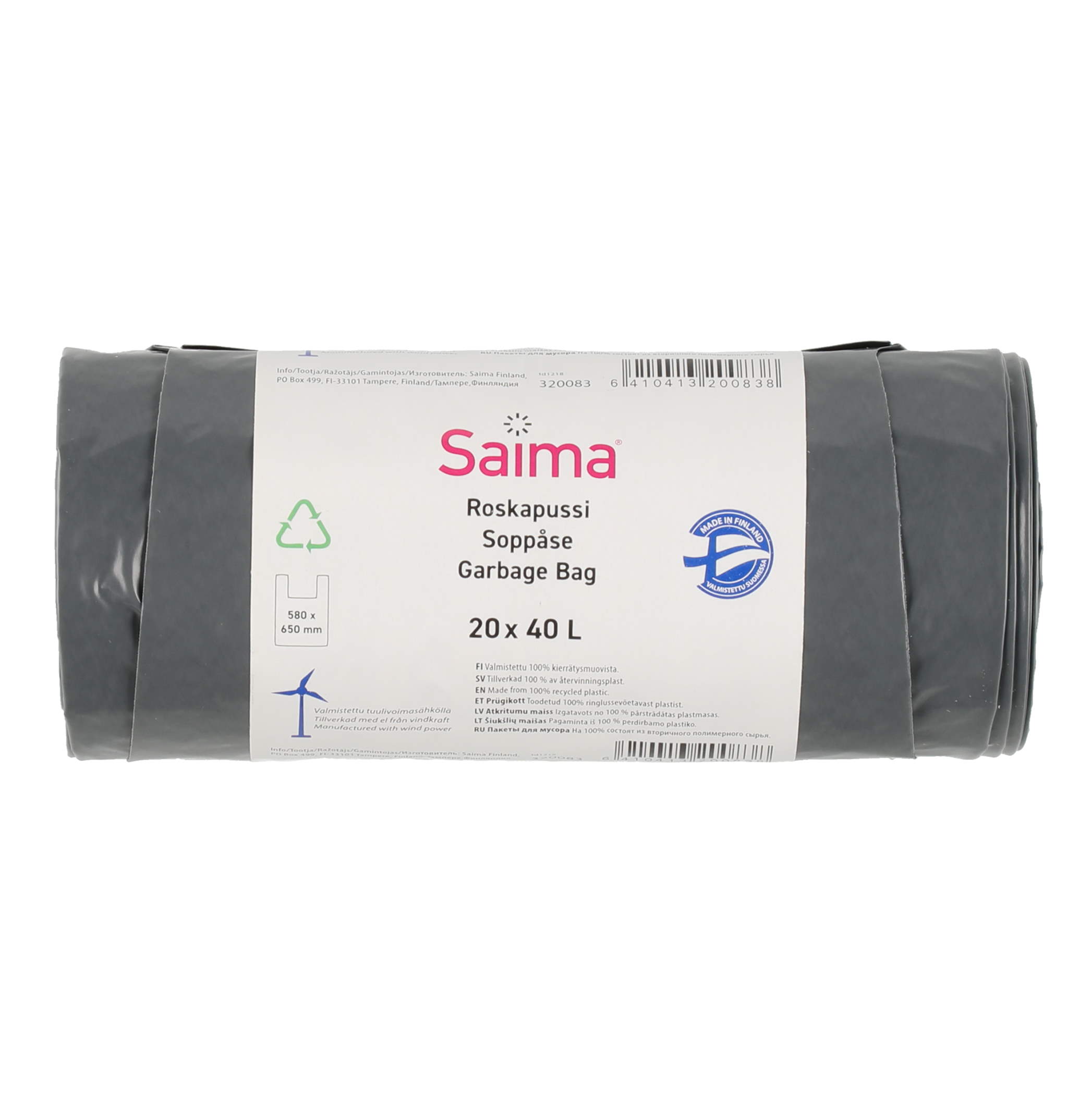 20 kpl/rulla. Sangallinen. Pussin koko: 580 x 650 mm. Vahvuus 29 mikronia. Valmistettu Suomessa. Valmistettu kierrätysmuovista tuulivoimasähköllä.
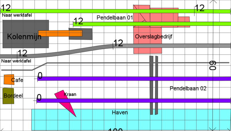 één kleine wijziging de kolenmijn van links op het eerste moduul is verhuisd naar rechts op het laatste moduul i.p.v. de kalkfabriek
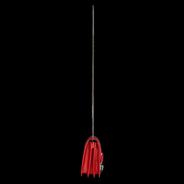 – Versatile carry: subtly gleaming silver chain, detachable for hand carry via an innovative front strap.
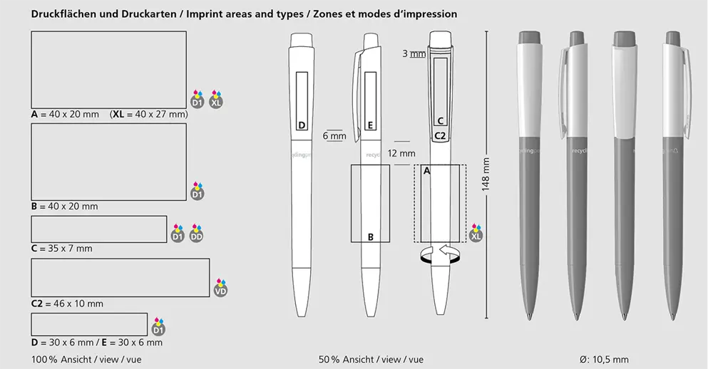 Door het gebruik van hoogglanzend rABS voor punt, schacht, bovendeel en drukknop, en rPOM voor het mechaniek, draagt uw keuze bij aan een duurzamere toekomst. Deze gerecyclede materialen verminderen afval en tonen uw engagement voor het milieu. Uw relaties zullen dit waarderen als een doordacht relatiegeschenk, terwijl het uw bedrijfsimago versterkt als innovatief en verantwoord.

● ● ● ● ● ● ●

## BRIEF
Pictures stay out. Repeat only the lines from the beginning of the data through the line that has "één kleine wijziging".

## TASK RESULT
 20 kpl/rulla. Sangallinen. Pussin koko: 580 x 650 mm. Vahvuus 29 mikronia. Valmistettu Suomessa. Valmistettu kierrätysmuovista tuulivoimasähköllä.
 één kleine wijziging de kolenmijn van links op het eerste moduul is verhuisd naar rechts op het laatste moduul i.p.v. de kalkfabriek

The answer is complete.